Alik

Posted on Jun 23

Stream Postgres WAL to Redis: Real-Time Read Models with pg2redis

#postgres #redis #cdc #cache

Real-time data pipelines are becoming a normal part of application architecture. Product pages need fresh stock counts, order status screens need fast reads, dashboards need recent transactional state, and background services often need to react as soon as data changes.

Postgres is usually the source of truth, but many applications still keep a second read model in Redis for low-latency access. The hard part is keeping Redis in sync without pushing cache update logic into every write path.

The tempting approach is to write to both systems in the same request handler:

type User struct {
    ID        int64     `json:"id"`
    Email     string    `json:"email"`
    FullName  string    `json:"full_name"`
    UpdatedAt time.Time `json:"updated_at"`
}

func SaveUser(ctx context.Context, db *pgxpool.Pool, redisDb *redis.Client, user User) error {
    const upsertUser = `
INSERT INTO users (id, email, full_name)
VALUES ($1, $2, $3)
ON CONFLICT (id) DO UPDATE
SET email = EXCLUDED.email,
    full_name = EXCLUDED.full_name,
    updated_at = now()
RETURNING updated_at`

    if err := db.QueryRow(
        ctx,
        upsertUser,
        user.ID,
        user.Email,
        user.FullName,
    ).Scan(&user.UpdatedAt); err != nil {
        return fmt.Errorf("save user in Postgres: %w", err)
    }

    payload, err := json.Marshal(user)
    if err != nil {
        return fmt.Errorf("marshal user: %w", err)
    }

    key := fmt.Sprintf("user:%d", user.ID)
    if err := redisDb.Set(ctx, key, payload, 0).Err(); err != nil {
        return fmt.Errorf("save user in Redis: %w", err)
    }

    return nil
}

This looks reasonable until the second write fails. If the Postgres upsert succeeds and the Redis SET times out because of a network issue, the source of truth now has the new user and Redis still has the old value or no value at all. The handler returns an error, but the database change already happened.
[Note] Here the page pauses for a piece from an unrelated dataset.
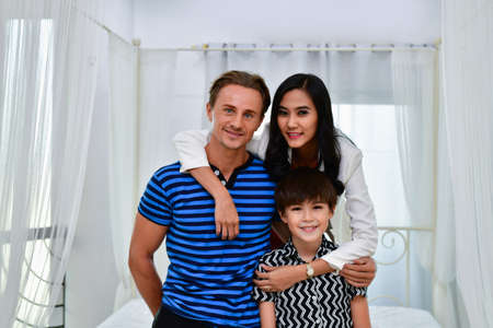 Family Concept. Family is happy in the house. Family is doing activities in the bedroom. The family loves each other happily.

Retried requests can make this even harder to reason about. A retry may repair Redis, or it may race with another update. Moving the Redis write before the database write only flips the failure mode: Redis can be updated and then the database transaction can fail. A regular Postgres transaction cannot include Redis, so this is not an atomic operation.

This is why cache updates and read-model updates often belong on the committed change stream, not directly in the request path.

That is the problem pg2redis is designed to solve.

pg2redis reads Postgres logical replication changes from the Write-Ahead Log, or WAL, and turns row-level inserts, updates, deletes, and snapshots into Redis commands. You configure what should happen for each table, and pg2redis keeps Redis updated from the database change stream.

The documentation is available at pgwalk/pg2redis, and the Docker image is published at alikpgwalk/pg2redis.

Why You Might Need This

Consider a few common cases:

You keep product, customer, or order read models in Redis.
You want Redis hashes, sets, sorted sets, streams, or pub/sub notifications to follow Postgres changes.
You want to initialize Redis from existing tables and then continue streaming new changes.
You want a focused Postgres-to-Redis pipeline without Kafka, Debezium, or custom cache invalidation code.

There are great tools for large CDC platforms and broad event streaming. If you need schema registries, replayable topic history, and many independent downstream consumers, those tools may be the right fit.

But if the job is "Postgres changes should update Redis", a smaller tool can be easier to deploy, reason about, and operate.

How It Works

At a high level, pg2redis does four things:

Connects to Postgres using logical replication.
Reads WAL changes through the built-in pgoutput plugin.
Expands configured Redis command templates for inserts, updates, deletes, and snapshots.
Writes those commands to Redis using batched pipelines.

The mapping is explicit. For example, a row in public.products can become:

tables:
  - public.products:
      insert:
        commands:
          - ["HSET", "product:{id}", "{pairs:*}"]
          - ["SADD", "products:all", "{id}"]
          - ["ZADD", "products:stock", "{stock_quantity}", "{id}"]
      update:
        commands:
          - ["HSET", "product:{id}", "{pairs:*}"]
          - ["ZADD", "products:stock", "{stock_quantity}", "{id}"]
      delete:
        commands:
          - ["DEL", "product:{id}"]
          - ["SREM", "products:all", "{id}"]
          - ["ZREM", "products:stock", "{id}"]

With this configuration, Postgres remains the source of truth. Redis becomes a maintained projection.

Advanced Features Under The Hood

1. Flexible Redis command mapping

pg2redis supports common Redis command families, including:

SET, SETEX, MSET, INCR, DECR, INCRBY, DECRBY, APPEND, DEL, EXPIRE,
HSET, HINCRBY, HDEL,
SADD, SREM,
ZADD, ZINCRBY, ZREM,
XADD, XDEL,
PUBLISH

That means you can model different Redis access patterns from the same database change stream:

Hash per row with HSET
JSON value per row with SET
Membership indexes with SADD and SREM
Ranked or scored indexes with ZADD and ZREM
Event feeds with XADD
Realtime notifications with PUBLISH

Templates can use column values:

["HSET", "order:{id}", "{pairs:*}"]
["SET", "order_json:{id}", "{json:*}"]
["PUBLISH", "order_updates", "{json:id,customer_id,status,total_cents}"]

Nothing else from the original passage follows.